A few month’s ago I’ve got photos from my nephew taken with Nikon equipment, an he was asking me why the photos aren’t sahrp. No chance in DXO to see where the focus point was by taking the photo.
So I have to install Capture NX-D to got this information.
So I understand the request by azkaz

Best regards

guenter

The problem with focus info in exif data is the not all cameras provide it and, when they do, it can be quite confusing.

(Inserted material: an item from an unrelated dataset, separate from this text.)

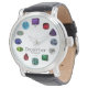 タンザナイト、12月の誕生石の宝石の腕時計1時 – >1月 – ガーネット(クッションカット) 2時 – >2月 – アメジスト(兆カット) 3時 – >3月 – アクアマリン(楕円カット) 4時 – >4月 – ダイヤモンド(ハートシェイプ) 5時 – >5月 – エメラルド(エメラルドカット) 6時 – >6月 – アレキサンドライト(クッションカット)7時 – >7月 – ルビー(Pear cut) 8時 – >威厳がある – ペリドット(cut) 9時 – >9月 – サファイア(oval cut) 10時 – >10月 – オパール(Oval Cabochon cut) 11時 – >11月 – トパーズ(Round cut) 12時 – >12月 – タンザナイト(エメラルド)宝石の写真で実在す。
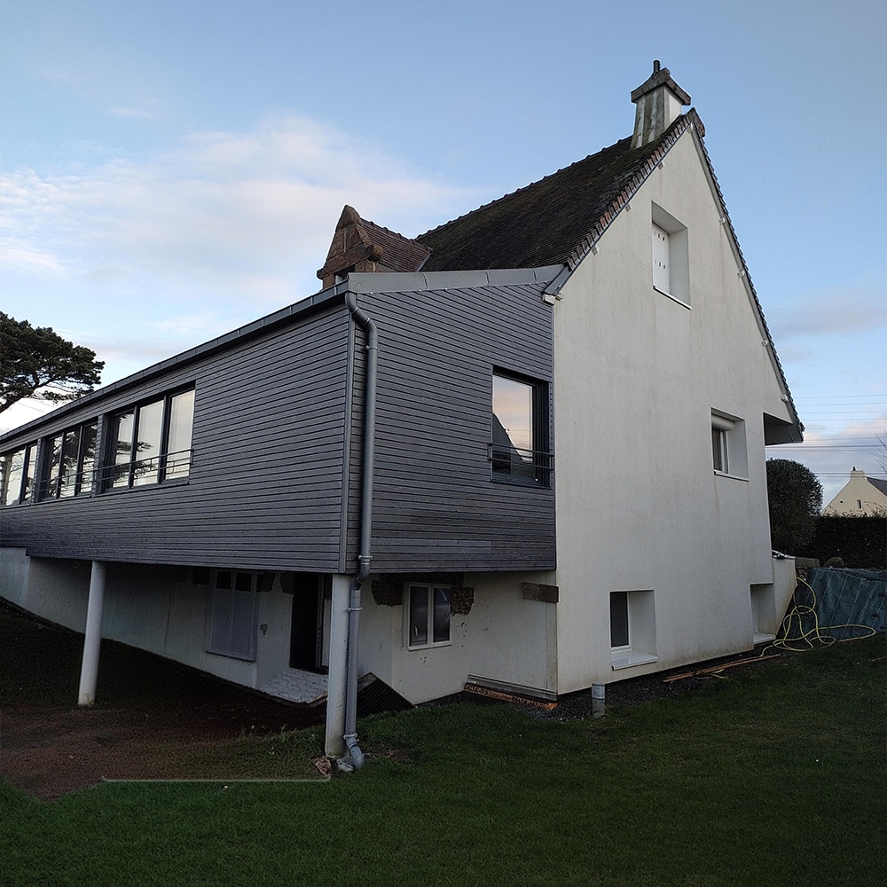 - Bardage lasuré gris pour une harmonie parfaite avec l’existant

See this page from Phil Harvey’s excellent ExifTool documentation for the Nikon.

Even using Nikon’s own NX-D software, if nothing is in focus, it doesn’t show which point was being used to attempt to focus.

I prefer actual focal plane info (already in DxO’s backlog) vs. knowing the camera’s focus points before the shutter was pressed, which after a recompose or a focusing error won’t tell me what’s in sharpest focus.

3 Likes

I would also like the ability to see the focus point. Doesn’t have to universal if some exif from cameras doesn’t support it.

I think the value of seeing the focus points is overestimated. They’re wrong when recomposing after focusing but can also be wrong when using af-c.

George

2 Likes

Your comment above piqued my interest, Ziggy … I guess it’s directed at Sony a7 cameras(?)
I found reference to this tool here - which led to a download site here.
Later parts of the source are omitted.